The marriage lasted five years which isn’t too bad in this day and age, or so I keep telling myself. Looking back, I guess I wasn’t really husband material and when I look in the mirror, I realise I’m even less suitable now than I was back then. I always wanted kids but wasn’t sure why; probably because that’s what everyone’s brought up to believe in. Go to school, get a job, get married, have kids, retire, have grandkids, die. That’s the way it’s supposed to go, isn’t it? Looking back, it’s probably a very good thing for the kids that I didn’t get past the “get married” stage.


One day Sarah called and told me she wanted us to get back together. I was ecstatic. I moved back into our apartment and took as much time as I could off work so we could spend quality time together like normal couples. When I went back I took a desk job, started at nine and walked out of the door dead on five every day so I could get home to spend as much time as possible with my beautiful wife.


Everything was going well until Michael Hudson was released from prison.


Michael Hudson was the first murder suspect I arrested early in my career in homicide. He caught his wife cheating on him and took revenge on her with a baseball bat. After beating her body for over an hour, almost all of her bones were broken and her entire body was bruised and bloody. He then went to the kitchen, made himself a cup of coffee and went to visit her lover to do the same to him.


He received a twenty year sentence but served only nine years. They said he was released for good behaviour but as far as I knew, he hadn’t done anything in prison that I would consider good behaviour and certainly hadn’t given enough back to the community or the justice system to warrant giving him eleven years of his life back.


On the day of release from prison, most people visit friends, a bar or a brothel. Michael Hudson went to a sporting goods shop, bought a baseball bat and paid a visit to our apartment. I wasn’t at home but Sarah was. She didn’t stand a chance against nine years of pent up aggression.


He was given a life sentence with no chance of parole for twenty years. I still don’t know if I would have preferred the death sentence.

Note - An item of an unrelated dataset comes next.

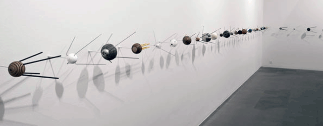 Die im Mittelpunkt stehende Sputnik-Installation befasst sich mit dem Thema Skulptur – damit und mit anderen eigens angefertigten Werken schlägt Ondák eine Brücke zu den Plastiken von Alberto Giacometti, die in unmittelbarer Nachbarschaft seiner Ausstellung zu sehen sind. Insgesamt 96 kleine Sputniks wurden für den Kabinettraum geschaffen. An den Wänden rundum verteilt, erwecken sie die Illusion, hier befände sich Sputnik im Weltall und der Betrachter mittendrin. 96 Minuten brauchte Satellit Sputnik für eine Erdumdrehung. Zeit, Reisen und Zeitreisen sind wiederkehrende Themen in Roman Ondáks Werk, durch das Kuratorin Mirjam Varadinis das kunst- wie zeitgeschichtlich interessierte Publikum zu leiten vermag. (kh/mc/th)
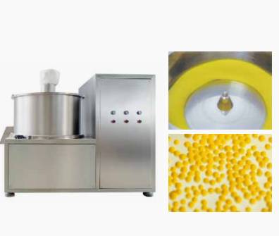本机是通过设置旋转离心盘、鼓风机、气动喷枪,将湿颗粒制成美丽的球丸。将前道工序做成的湿颗粒投入旋转离心盘内,启动鼓风机后再将旋转离心盘启动,使湿颗粒受到环隙空气浮力、旋转离心力、自身重力作用,呈环周绳股状运动,从而形成真球度极高的球丸。

I’m the one who caught him and I always thought there would be closure once he was out of the picture.


I was wrong.


Every day for the last five years I have thought of different ways to take it all out on him but nothing could bring back what he took away. Even though he’s probably going to be locked up for the rest of his natural life, every day I expect to get the call to say he’s got a release date.


After he was put away, I threw myself into my work. I don’t always play by the rules and I’m not in the job to make friends but I always get results. My investigations have led to more convictions for homicide than any other detective in the department for the last three years. I’ve tried talking to the department shrink but that didn’t do much good. It only made me think about what happened to Sarah so I just blank it out the best I can. That’s why I turned myself into a workaholic: so I don’t have to think about the life Sarah and I could have shared.


Being a detective is pretty much the same as doing any other job I guess. It’s hard, boring work with the occasional moment when you realise why you decided to take the job in the first place. Today’s arrest was one of those moments.


Our hard work had paid off and now after two long, exhausting weeks of dead end leads and waiting around for forensic evidence, I was standing at the front desk of my police station booking in the prime suspect in a murder case. He was set to go before the judge the next day and I suspected he would either be refused bail or it would be set way out of his price range.


Someone else would have to interview him. Dave had already disappeared and I wouldn’t be around for another two weeks. Dave deserved the time off and so did I.